== Requirement ==
No pictures go in the copy. Restate, word for word, each line from the one containing "SUCURSAL DE CARDENAS." through the last line below.
*** Opening Supplied material ***
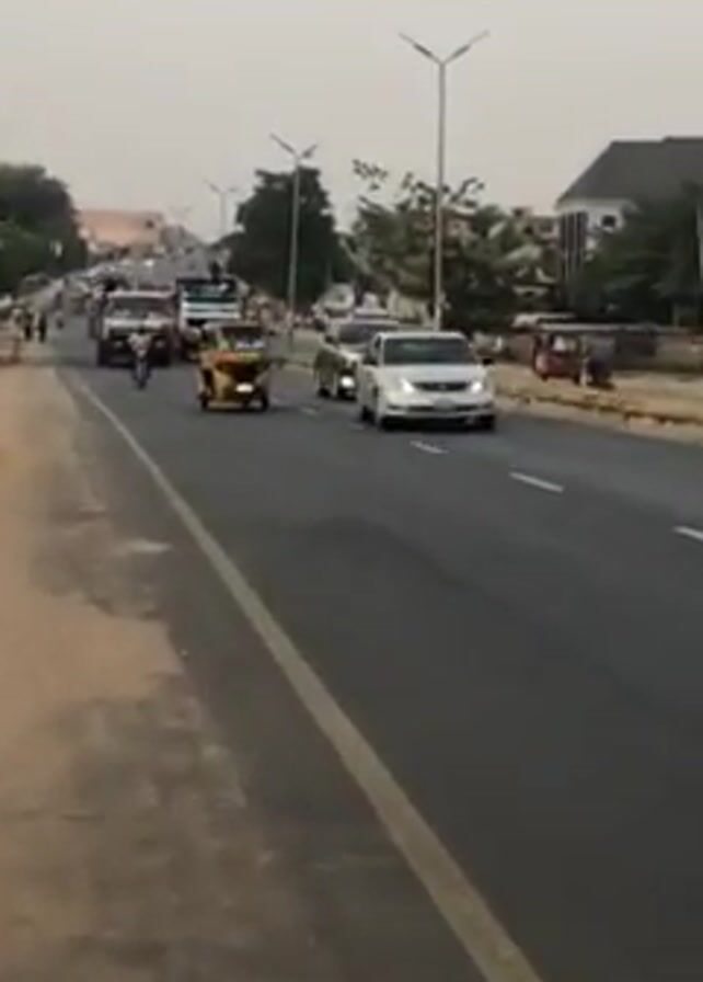wide shot of a road with cars, motorcycles, and auto rickshaws (tuk-tuks) moving along it. There are two large trucks, one white and the other pink and white, driving down the road. A man is riding a motorcycle in the same direction as the other vehicles. There are street lights along the side of the road, and buildings and trees can be seen in the background. The sky is overcast. There are pedestrians along the road near the trucks.
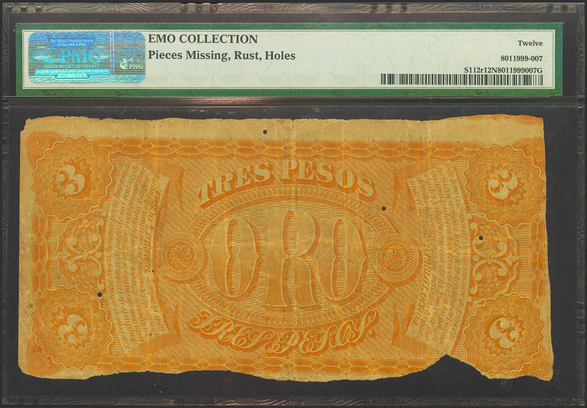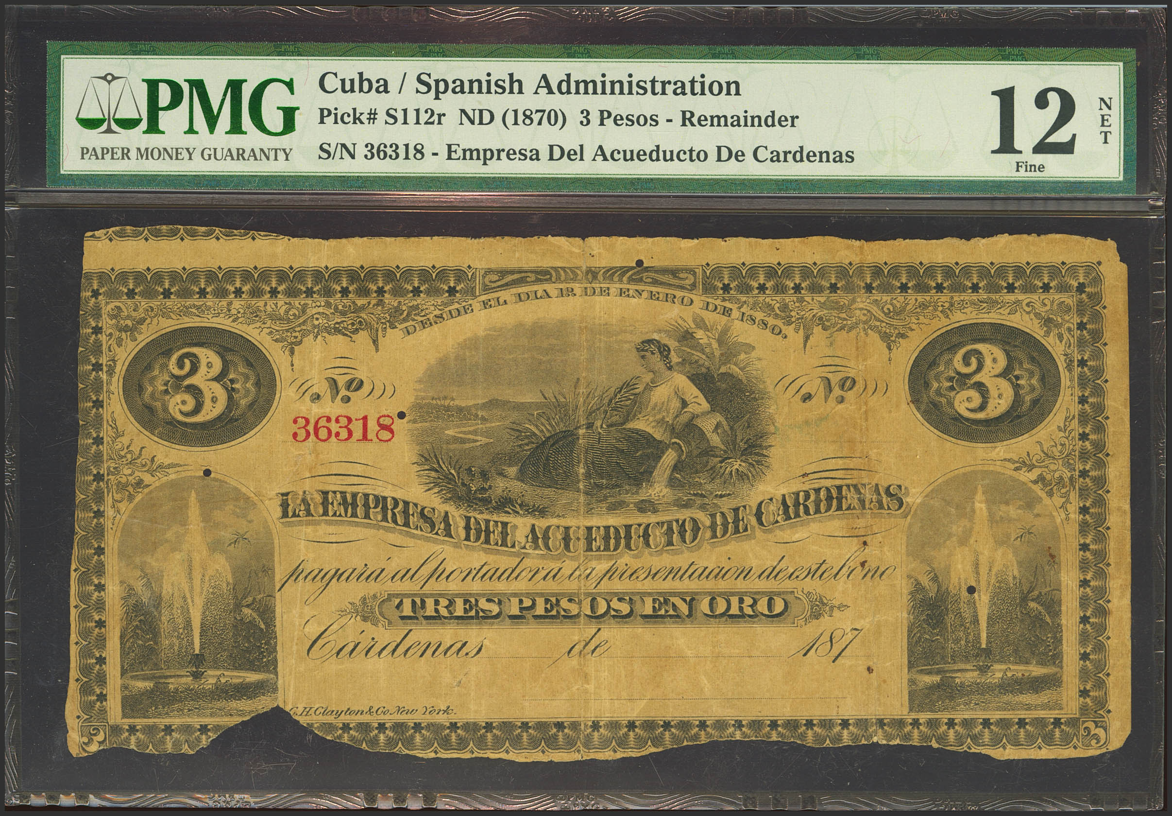SUCURSAL DE CARDENAS. 3 Pesos oro. (1870ca). (Edifil: no catalogado, Filabo: 59CU, Pick: S112r). Rarísimo, puntitos de "polilla" y con faltas. MBC-. PMG12NET.
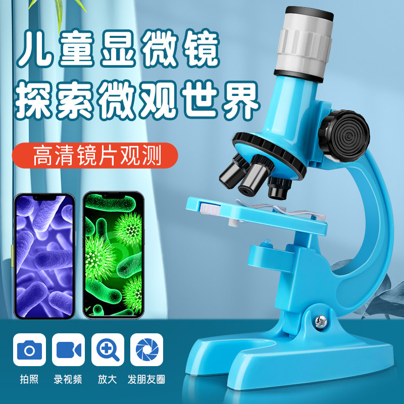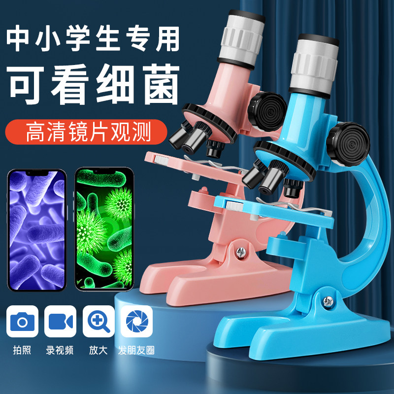 显微镜生物儿童科学实验套装中小学生专用光学手持便携电子目镜台式高清手机放大镜专业级1200倍可看精子细菌
*** Closing Supplied material ***
== Problem solution ==
SUCURSAL DE CARDENAS. 3 Pesos oro. (1870ca). (Edifil: no catalogado, Filabo: 59CU, Pick: S112r). Rarísimo, puntitos de "polilla" y con faltas. MBC-. PMG12NET.
 显微镜生物儿童科学实验套装中小学生专用光学手持便携电子目镜台式高清手机放大镜专业级1200倍可看精子细菌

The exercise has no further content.